On Monday’s broadcast of MSNBC’s “Morning Joe,” Senator Jeff Flake (R-AZ) stated that it might be necessary to put a hold on the president’s executive calendar and not move forward on confirming nominees or threaten to vote no on nominees in order to get a vote on issues like tariffs.

Flake said, “I think that approving new judges, more judges is important. That’s one of the roles. We are, as Senator McConnell says often, we’re in the personnel business in the Senate. Most of the votes that we’ve had this year have been to advance the president’s executive calendar, nominees…that’s important, but it can’t be everything we do.”

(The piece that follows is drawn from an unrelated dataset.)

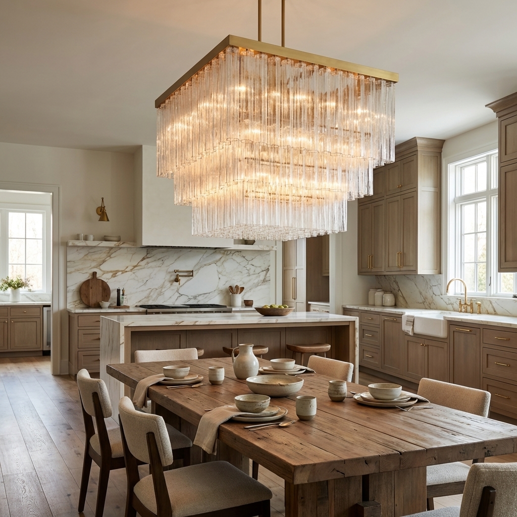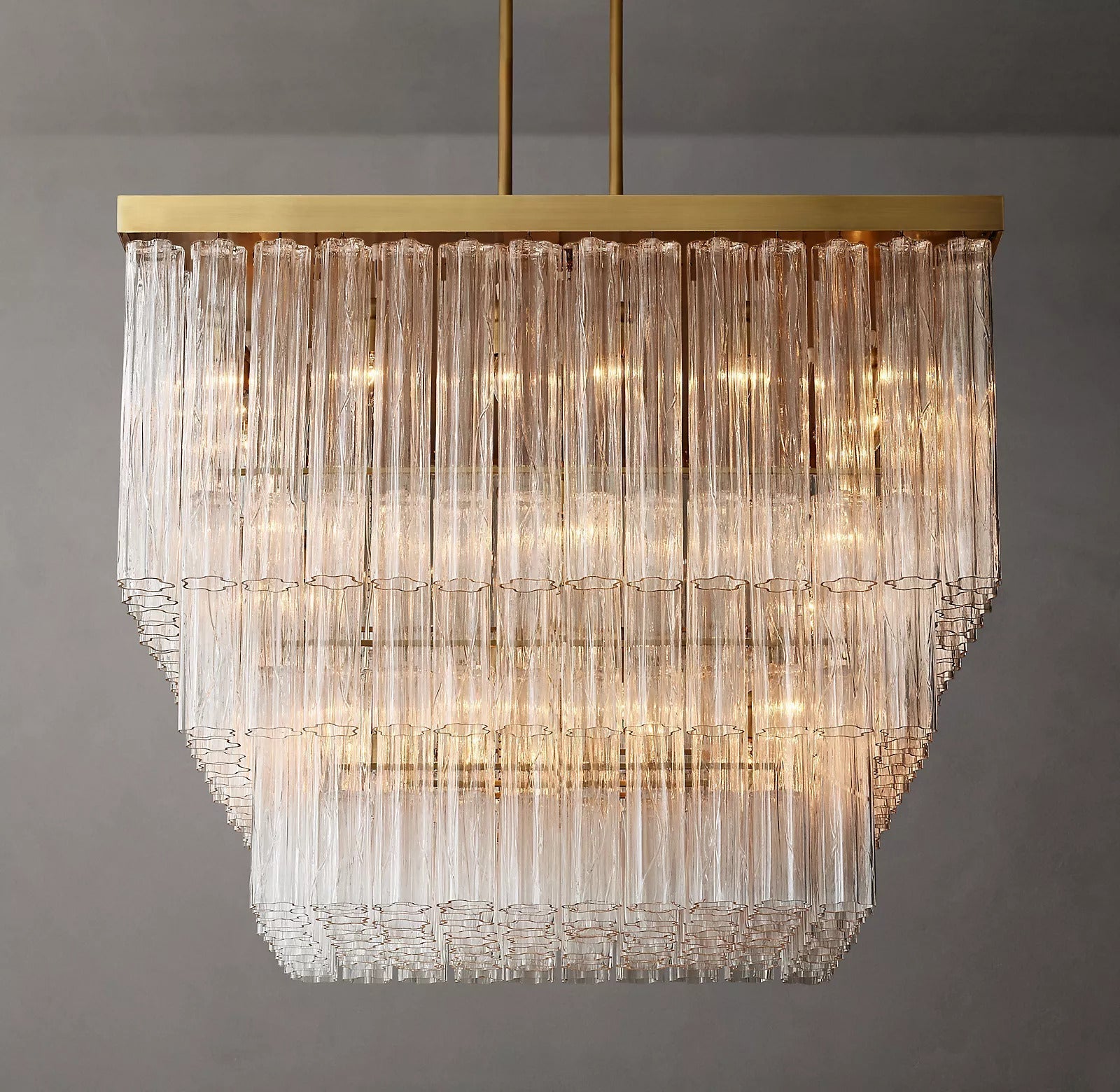 The Cannelure Square Chandelier 45″ 25-Lights / 60‘’ (Customized) brings sculptural elegance to large interiors with a refined rectangular silhouette, fluted glass tubes, and a metal frame finished in your choice of lacquered burnished brass, bronze, or polished stainless steel. Inspired by the visual richness of layered glass and the rhythmic beauty of linear fluting, this statement chandelier casts a shimmering, patterned glow across dining rooms, living spaces, villas, and hospitality settings.

He continued, “And that’s where I think myself and a few others have come down on, saying that can’t be everything we do. And if we’re — we have to use that to say, all right, let’s not move forward on more judges and more of the president’s executive calendar until we fulfill our constitutional obligation, until we at least register our opinion, on tariffs, for example, and let people know where we are and let the president know where we are. I think a lot of us are tired of saying, we’ll only take something up if the president agrees with it. Like on immigration reform, we’ll only take it up if he says he’s going to sign it. Well, he said he wasn’t going to sign Russia sanctions, but we passed it anyway, 98-2. He found a way to like it. That’s our role as the Article I branch. And so, I think if all we can do is to say, let’s put the president’s executive calendar on hold, judges, nominees for other appointments on hold until we can actually vote on some of these things, or until we get a commitment that on this bill, this appropriations measure, the FAA bill, we may need a new revenue bill to do a tariff vote on, then we simply won’t go forward. You hate to have to go there, but in this case, it wouldn’t be me saying I’m going to put a hold on something. You don’t have to do that. It would just be me saying I will vote no, and that may be enough.”